The logistics segment's contribution margin in the first quarter 2015 was $24.3 million compared to $21.8 million in the first quarter 2014. On a year-over-year basis, this increase was due to several factors. First, Delek Logistics’ acquisition of the product terminal and substantially all of the storage tank assets at the El Dorado refinery in February 2014 from a subsidiary of Delek US and the purchase of the assets of Frank Thompson Transport in December 2014 improved performance in the first quarter 2015. Second, new agreements in place on January 1, 2015 increased contribution from the Paline Pipeline. Third, higher volumes on the Lion Pipeline System compared to the first quarter 2014 improved results on a year-over-year basis. These factors more than offset a lower gross margin per barrel in the west Texas wholesale business and lower volumes under the marketing agreement and product terminal supporting the Tyler, Texas refinery that underwent a scheduled turnaround and expansion in the first quarter 2015.

Retail Segment

   

Three Months Ended
March 31,

Retail Operating Highlights 2015     2014
Contribution margin, $ in millions $12.3 $5.9
Operating expenses, $ in millions $32.5 $32.2
 
Merchandise margin 28.1% 28.4%
Fuel margin, per gallon $0.163 $0.124
 
Store count (end of period) 360 361
 

Retail segment contribution margin increased year-over-year primarily due to higher fuel margins and gallons sold. Fuel gallons sold increased to 108.7 million from 97.8 million in the prior-year period and merchandise sales increased to $94.5 million compared to $89.4 million. On a same store sales basis, fuel gallons sold increased 6.0% and merchandise sales increased 3.5% from first quarter 2014. The increase in same store fuel gallons was primarily driven by improved performance from the large-format store category on a year-over-year basis. At the end of the first quarter 2015, there were a total of 64 large-format stores in the portfolio.

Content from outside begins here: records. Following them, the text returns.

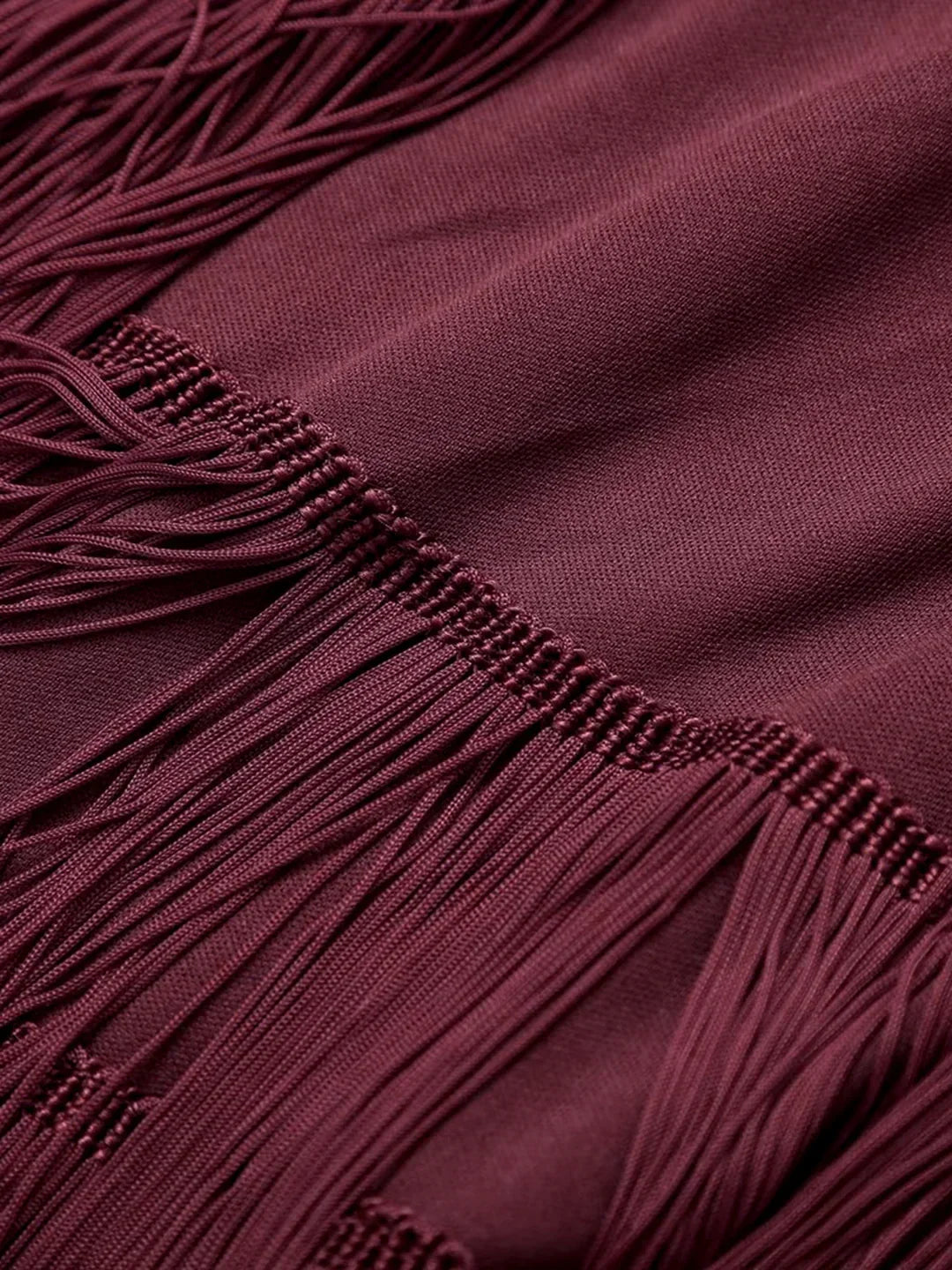 Design: An eye-catching blend of flirt and finesse, this short dress features delicately placed fringe accents and an open-back silhouette for a bold yet refined look. The high neckline offers balance to the dramatic back, while the movement-friendly fringe adds charm with every step.
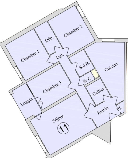 Il se compose d'une entrée avec placard, une grande cuisine dinatoire, un cellier, un séjour avec accès balcon exposé Nord-Ouest, une grande chambre avec accès au balcon, deux chambres, un espace dressing, une salle de bain, un WC séparé.
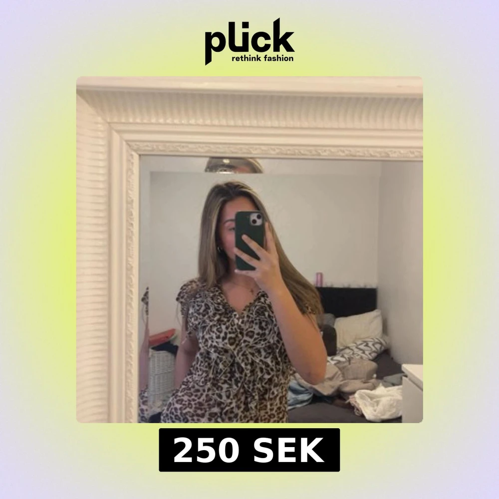 Säljer en snygg leopardmönstrad blus med volangdetaljer längs halsringen. Original pris 500kr har inte haft den mycket på grund av att jag inte gillade mönstret
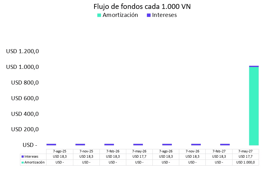 - Amortización del capital: Modalidad Bullet, con repago total al vencimiento.
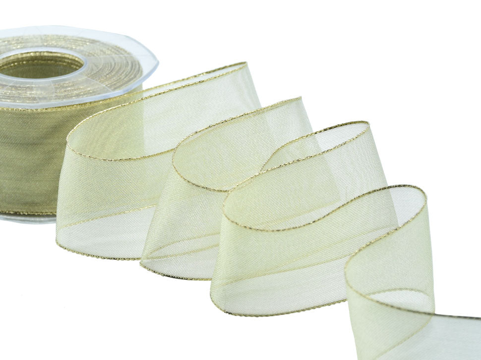 Velo Lame Animato 40 MM Oro. Il nastro di velo lamé è un tessuto dalla trama sottile e trasparente, molto brillante e scintillante. Dal design elegante, il rotolo di nastro lamé può essere utilizzato per una varietà di scopi. Bello da lavorare, possiamo creare bellissimi fiocchi per le confezioni eleganti e costose, creare decorazioni natalizie per la casa e per il giardino, personalizzare le bomboniere. Il nastro decorativo lamé è realizzato con filato 100% poliestere, con un bordo semplicemente più spesso contiene una texture leggera, lucida e morbida, offre un look lussuoso e una sensazione eterea.. Codice colore# 102 - CONFEZIONATO IN BOBINA DA METRI 25
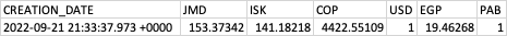 SELECT CREATION_DATE, JMD, ISK, COP, USD, EGP, PAB
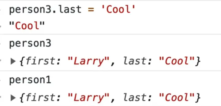 In the console, let's try updating person3.last like so: person3.last = 'Cool'. So person3.last should now return "Cool", but what about person1?
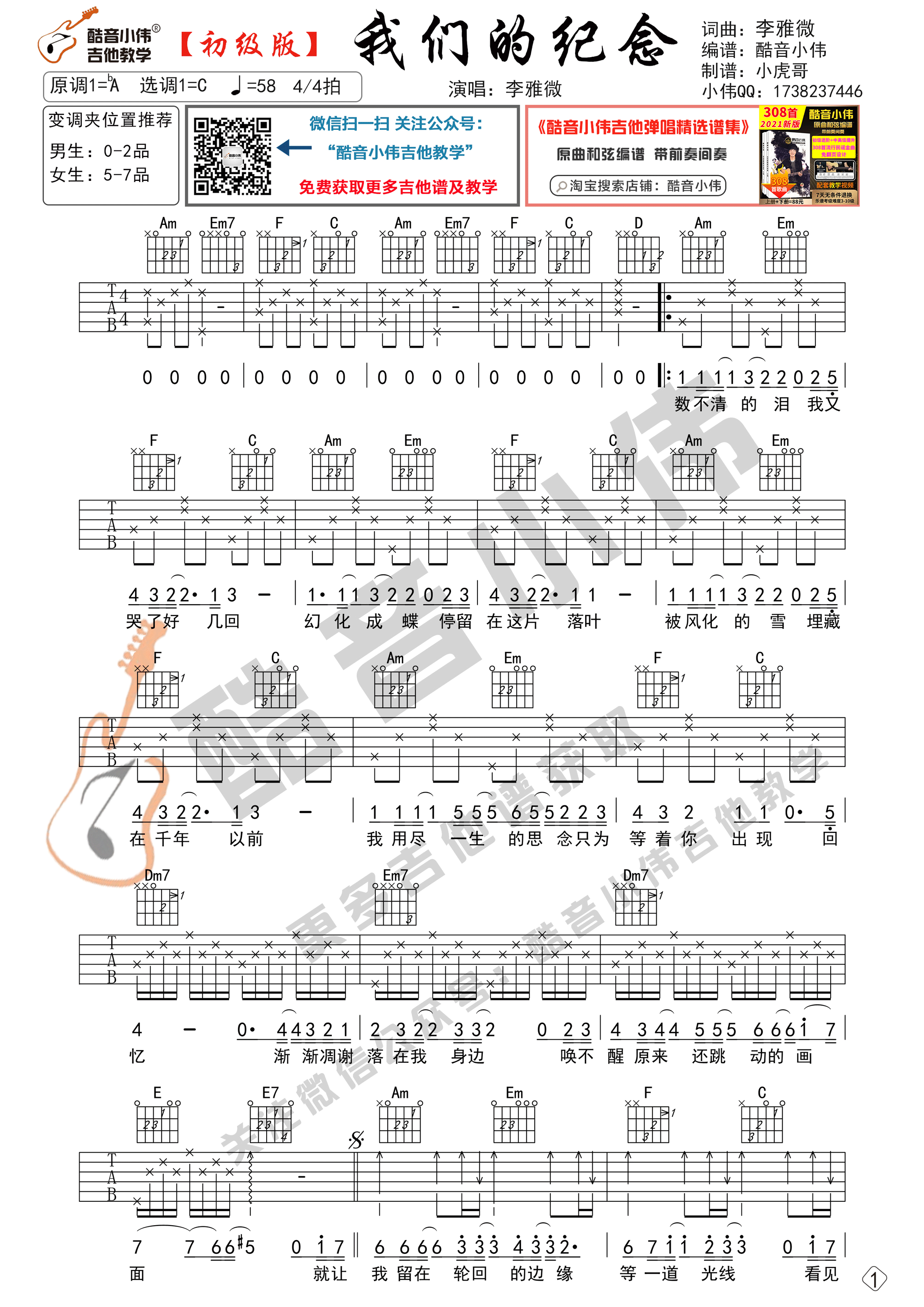 曲谱介绍: 我们的纪念吉他谱采用了C调指法,由酷音小伟编配完成。这首曲谱适合初学者练习,选用C调指法,变调夹的位子可以根据我的推荐来选择,使用八分音符分解伴奏型弹奏,先弹奏会曲谱,再清唱会,然后弹唱结合一起练习,这首歌曲受到了很多人的喜爱,在这首歌曲之中,总是勾起很多人的美好记忆。

First Quarter 2015 Results | Conference Call Information

Delek US will hold a conference call to discuss its first quarter 2015 results on Wednesday, May 6, 2015 at 8:30 a.m. Central Time. Investors will have the opportunity to listen to the conference call live by going to www.DelekUS.com and clicking on the Investor Relations tab. Participants are encouraged to register at least 15 minutes early to download and install any necessary software. For those who cannot listen to the live broadcast, a telephonic replay will be available through August 4, 2015 by dialing (855) 859-2056, passcode 29419413. An archived version of the replay will also be available at www.DelekUS.com for 90 days.

Investors may also wish to listen to Delek Logistics’ (NYSE: DKL) first quarter earnings conference call that will be held on May 6, 2015 at 7:30 a.m. Central Time and review Delek Logistics’ earnings press release. Market trends and information disclosed by Delek Logistics may be relevant to the logistics segment reported by Delek US. Both a replay of the conference call and press release for Delek Logistics are available online at www.deleklogistics.com.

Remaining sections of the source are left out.